> Work item
Whenever a picture appears, leave it out while repeating all the other data exactly.

> Data
──────────────────────────────

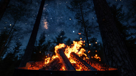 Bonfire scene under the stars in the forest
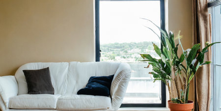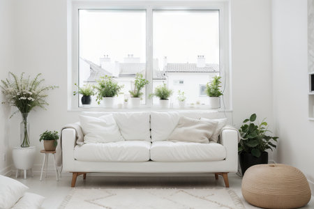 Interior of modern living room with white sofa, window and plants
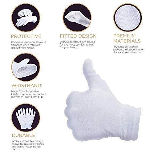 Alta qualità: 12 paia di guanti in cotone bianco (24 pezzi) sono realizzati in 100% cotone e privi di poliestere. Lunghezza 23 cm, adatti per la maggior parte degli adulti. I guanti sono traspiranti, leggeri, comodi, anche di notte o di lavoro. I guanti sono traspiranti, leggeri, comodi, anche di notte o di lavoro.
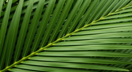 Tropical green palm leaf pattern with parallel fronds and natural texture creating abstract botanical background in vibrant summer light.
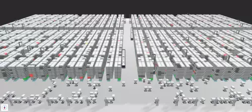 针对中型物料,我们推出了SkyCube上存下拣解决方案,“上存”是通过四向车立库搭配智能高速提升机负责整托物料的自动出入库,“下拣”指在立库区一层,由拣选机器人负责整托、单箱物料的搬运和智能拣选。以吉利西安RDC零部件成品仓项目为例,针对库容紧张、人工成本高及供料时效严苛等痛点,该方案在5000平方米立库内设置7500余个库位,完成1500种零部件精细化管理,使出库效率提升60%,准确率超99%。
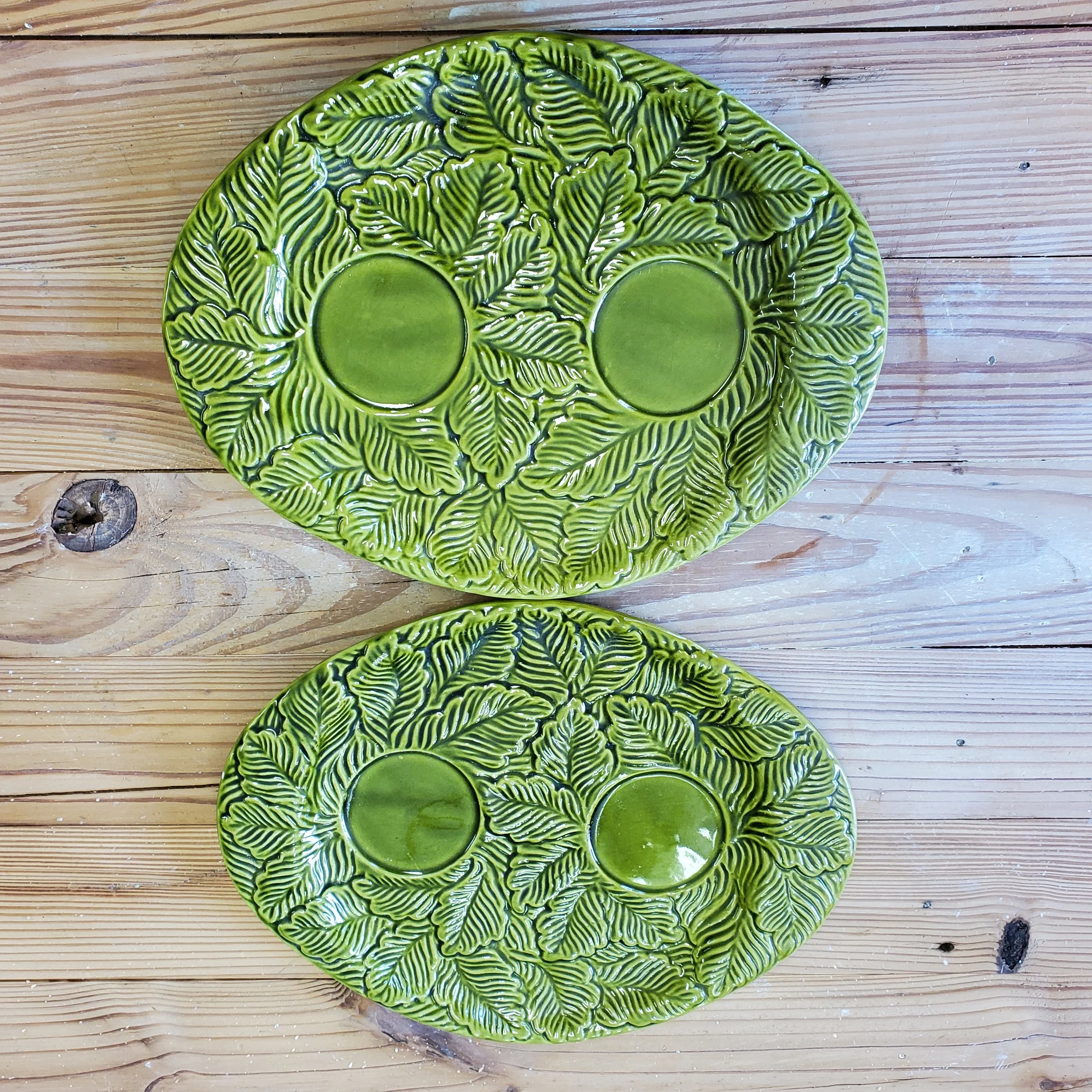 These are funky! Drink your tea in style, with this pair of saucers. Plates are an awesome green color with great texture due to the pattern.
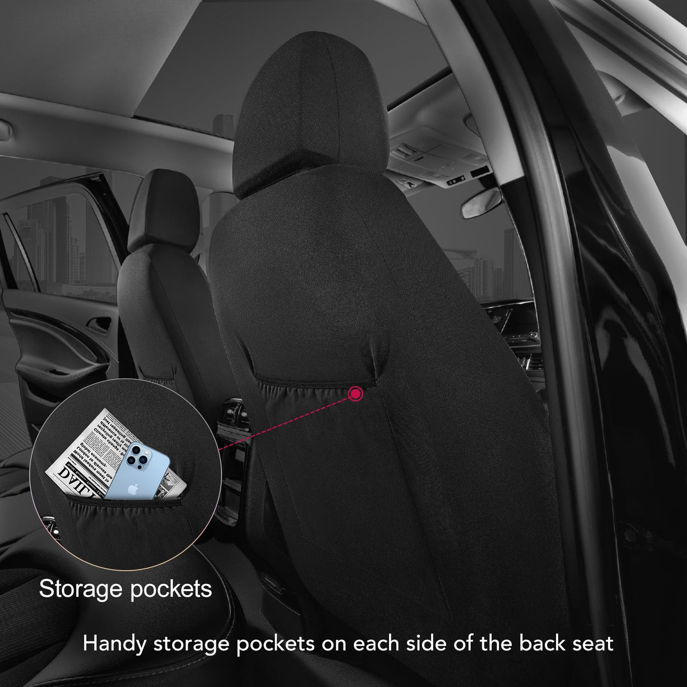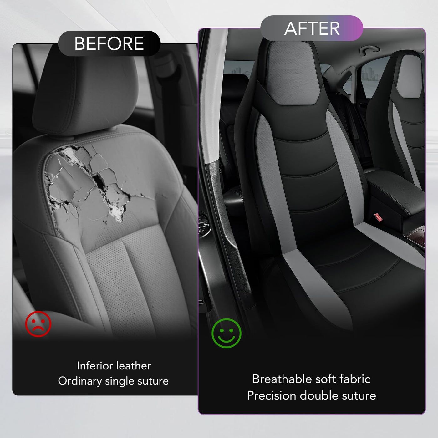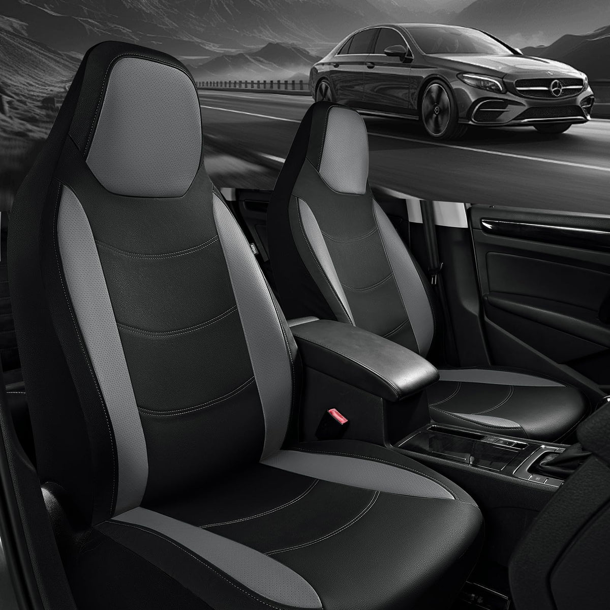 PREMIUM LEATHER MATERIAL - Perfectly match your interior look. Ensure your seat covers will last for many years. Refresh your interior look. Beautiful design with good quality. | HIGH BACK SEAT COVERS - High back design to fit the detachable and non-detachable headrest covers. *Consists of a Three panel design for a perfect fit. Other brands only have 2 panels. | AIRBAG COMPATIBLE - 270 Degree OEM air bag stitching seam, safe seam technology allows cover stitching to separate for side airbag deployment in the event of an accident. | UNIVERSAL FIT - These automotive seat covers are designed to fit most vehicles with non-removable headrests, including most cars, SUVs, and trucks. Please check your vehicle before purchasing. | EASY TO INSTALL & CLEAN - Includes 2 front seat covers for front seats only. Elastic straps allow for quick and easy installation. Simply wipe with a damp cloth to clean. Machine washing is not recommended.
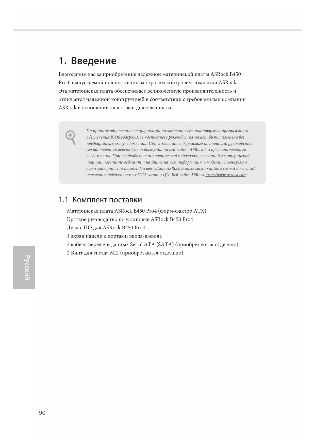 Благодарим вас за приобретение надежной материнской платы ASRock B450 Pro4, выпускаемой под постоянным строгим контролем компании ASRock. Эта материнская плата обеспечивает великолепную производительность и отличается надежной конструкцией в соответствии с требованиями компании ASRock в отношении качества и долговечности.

──────────────────────────────

> Solution to the problem
 Bonfire scene under the stars in the forest
 Interior of modern living room with white sofa, window and plants
 Alta qualità: 12 paia di guanti in cotone bianco (24 pezzi) sono realizzati in 100% cotone e privi di poliestere. Lunghezza 23 cm, adatti per la maggior parte degli adulti. I guanti sono traspiranti, leggeri, comodi, anche di notte o di lavoro. I guanti sono traspiranti, leggeri, comodi, anche di notte o di lavoro.
 Tropical green palm leaf pattern with parallel fronds and natural texture creating abstract botanical background in vibrant summer light.
 针对中型物料,我们推出了SkyCube上存下拣解决方案,“上存”是通过四向车立库搭配智能高速提升机负责整托物料的自动出入库,“下拣”指在立库区一层,由拣选机器人负责整托、单箱物料的搬运和智能拣选。以吉利西安RDC零部件成品仓项目为例,针对库容紧张、人工成本高及供料时效严苛等痛点,该方案在5000平方米立库内设置7500余个库位,完成1500种零部件精细化管理,使出库效率提升60%,准确率超99%。
 These are funky! Drink your tea in style, with this pair of saucers. Plates are an awesome green color with great texture due to the pattern.
 PREMIUM LEATHER MATERIAL - Perfectly match your interior look. Ensure your seat covers will last for many years. Refresh your interior look. Beautiful design with good quality. | HIGH BACK SEAT COVERS - High back design to fit the detachable and non-detachable headrest covers. *Consists of a Three panel design for a perfect fit. Other brands only have 2 panels. | AIRBAG COMPATIBLE - 270 Degree OEM air bag stitching seam, safe seam technology allows cover stitching to separate for side airbag deployment in the event of an accident. | UNIVERSAL FIT - These automotive seat covers are designed to fit most vehicles with non-removable headrests, including most cars, SUVs, and trucks. Please check your vehicle before purchasing. | EASY TO INSTALL & CLEAN - Includes 2 front seat covers for front seats only. Elastic straps allow for quick and easy installation. Simply wipe with a damp cloth to clean. Machine washing is not recommended.
 Благодарим вас за приобретение надежной материнской платы ASRock B450 Pro4, выпускаемой под постоянным строгим контролем компании ASRock. Эта материнская плата обеспечивает великолепную производительность и отличается надежной конструкцией в соответствии с требованиями компании ASRock в отношении качества и долговечности.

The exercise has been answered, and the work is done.